The GST has its attractions, in that it picks up revenue from those who would otherwise be lightly taxed, particularly so-called “self-funded” retirees. And because it is directed to state governments the inequities in its collection are offset by the distributive benefits in spending on health care and education. (I outlined these attractions in a conference paper in late 2013.) On the basis that 10 per cent GST presently raises about $58 billion annually, an increase to 15 per cent (assuming no “elasticity” effects) would raise another $29 billion.
But quite apart from the equity issues in raising the GST, there are significant problems in such an increase, because it would sharpen the incentives for avoidance and clever accounting in firms handling a mix of GST-free and taxed products – think of your average supermarket. Its high rate would distort people’s consumption decisions, re-introducing the very problems we had in the old paternalistic wholesale sales tax. The “neutral” alternative, of eliminating exemptions also has problems, particularly when it comes to in-kind government services such as health care, and it would be even more regressive than a rise to 15 per cent.
The main problem with a rise in the GST is that, because it would be regressive, it would inevitably require a significant proportion of the revenue collected to be directed to compensation for those most heavily disadvantaged, thereby limiting what is available to fund government services. In other words it would be inefficient and add to churning of revenue through the tax and welfare system.
It would be far better to raise revenue through getting rid of inequitable and distortionary tax breaks, thereby improving equity and doing without the need for compensation.
In this regard there are plenty of options. Various forms of wealth taxes, including inheritance and land taxes, should all be on the table – the GST is not the only way to tax wealthy retirees. Australia stands out for having a huge range of personal income tax concessions, particularly on superannuation, and low rates of capital gains tax for short-term speculation (but high capital gains taxes on long-term investment).
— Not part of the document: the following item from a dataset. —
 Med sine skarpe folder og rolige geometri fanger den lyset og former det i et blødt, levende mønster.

According to the Commonwealth’s “Tax Expenditure Statement” released last Friday, superannuation and capital gains tax concessions alone cost the budget $90 billion a year. My colleague Jennifer Doggett and I have calculated that subsidies to private health insurance are costing the budget $11 billion a year. And they’re only the big-ticket items.
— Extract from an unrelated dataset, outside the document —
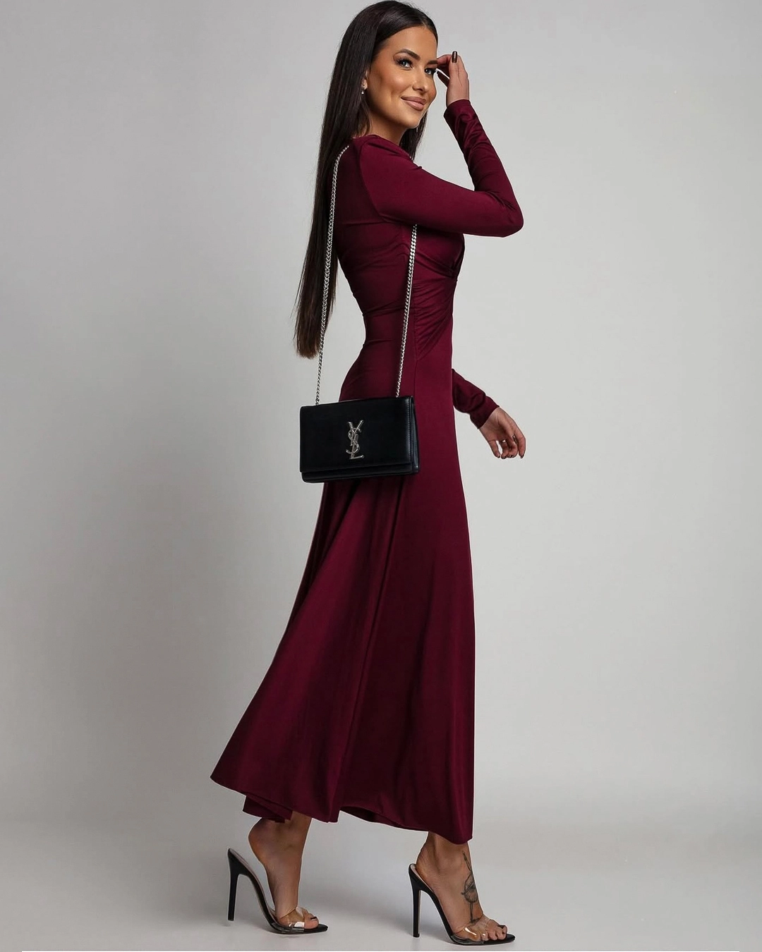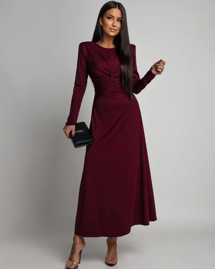 Αποπνέετε κομψότητα και θηλυκότητα με αυτό το μακρύ φόρεμα σε minimal γραμμή. Διαθέτει εντυπωσιακή σούρα που τονίζει τη μέση, μακριά μανίκια και ελαφρώς ανοικτή γραμμή στο κάτω μέρος για άνεση και κίνηση. Ιδανικό για επίσημες εμφανίσεις, γάμους ή βραδινές εξόδους, προσφέροντας ένα διαχρονικό και εκλεπτυσμένο look.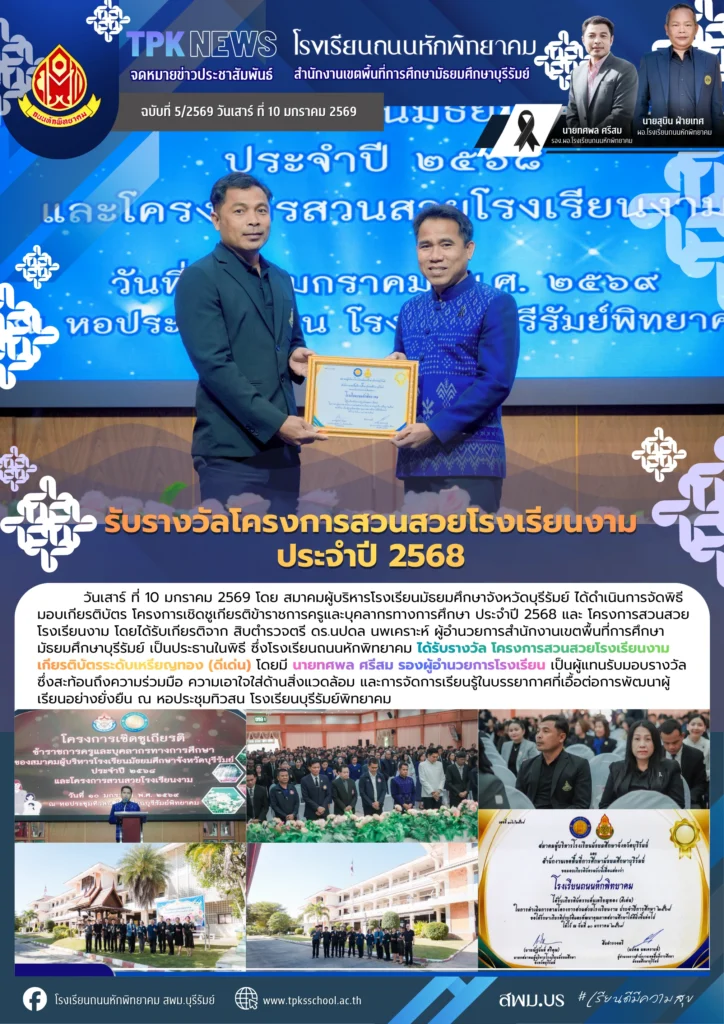 วันเสาร์ ที่ 10 มกราคม 2569 โดย สมาคมผู้บริหารโรงเรียนมัธยมศึกษาจังหวัดบุรีรัมย์ ได้ดำเนินการจัดพิธีมอบเกียรติบัตร โครงการเชิดชูเกียรติข้าราชการครูและบุคลากรทางการศึกษา ประจำปี 2568 และ โครงการสวนสวยโรงเรียนงาม โดยได้รับเกียรติจาก สิบตำรวจตรี ดร.นปดล นพเคราะห์ ผู้อำนวยการสำนักงานเขตพื้นที่การศึกษามัธยมศึกษาบุรีรัมย์ เป็นประธานในพิธี ซึ่งโรงเรียนถนนหักพิทยาคม ได้รับรางวัล โครงการสวนสวยโรงเรียนงาม เกียรติบัตรระดับเหรียญทอง (ดีเด่น) โดยมี นายทศพล ศรีสม รองผู้อำนวยการโรงเรียน เป็นผู้แทนรับมอบรางวัล ซึ่งสะท้อนถึงความร่วมมือ ความเอาใจใส่ด้านสิ่งแวดล้อม และการจัดการเรียนรู้ในบรรยากาศที่เอื้อต่อการพัฒนาผู้เรียนอย่างยั่งยืน ณ หอประชุมทิวสน โรงเรียนบุรีรัมย์พิทยาคม

Those who are so keen on consumption taxes should consider consumption taxes that actually improve economic resource allocation, namely carbon taxes. The Gillard Government’s modest carbon price was budgeted to raise $6 billion a year before it was scrapped. And, while the present government has at least re-introduced indexation to fuel excise, it could go much further. Outside the oil-producing countries we have some of the world’s lowest gasoline prices, and present low crude oil prices provide an excellent opportunity to increase our fuel taxes – a modest ten cent increase in excise would raise another $5 billion a year. (Carbon taxes, like tobacco taxes, are inevitably transitional, for in the medium term, as the economy is decarbonised, revenue will fall away.)
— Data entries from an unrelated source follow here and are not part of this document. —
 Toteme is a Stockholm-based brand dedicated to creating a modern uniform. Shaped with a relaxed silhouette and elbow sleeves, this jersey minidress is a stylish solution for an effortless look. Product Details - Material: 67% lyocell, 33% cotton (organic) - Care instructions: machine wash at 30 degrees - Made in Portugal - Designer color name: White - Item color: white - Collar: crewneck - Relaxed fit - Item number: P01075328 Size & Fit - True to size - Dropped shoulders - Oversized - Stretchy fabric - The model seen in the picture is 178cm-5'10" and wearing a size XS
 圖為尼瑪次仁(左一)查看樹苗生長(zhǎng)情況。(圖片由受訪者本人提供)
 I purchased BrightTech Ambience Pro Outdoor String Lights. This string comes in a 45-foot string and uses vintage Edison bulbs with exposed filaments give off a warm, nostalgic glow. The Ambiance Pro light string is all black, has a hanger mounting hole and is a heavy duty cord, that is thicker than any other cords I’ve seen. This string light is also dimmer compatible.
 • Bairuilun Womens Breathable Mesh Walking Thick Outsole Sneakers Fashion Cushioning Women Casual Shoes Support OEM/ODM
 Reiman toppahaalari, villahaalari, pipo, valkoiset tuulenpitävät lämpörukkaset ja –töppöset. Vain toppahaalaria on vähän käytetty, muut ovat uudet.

Disappointingly, instead of a wide-ranging discussion on tax, with “everything on the table”, business lobbies and the government have manipulated it all down to a choice of a GST or nothing – in fact Finance Minister Mathias Cormann seems to be walking away from any open discussion on taxation. And it has become convenient to portray those who see problems with a 15 per cent GST as demagogues raising a scare campaign.
If Labor wants to campaign against a GST it will have to come up with creative and equitable ways to raise revenue and to secure state funding but it should be in no rush to give self-appointed business spokespeople, the Murdoch media and a politicised Treasury time to misrepresent its proposals.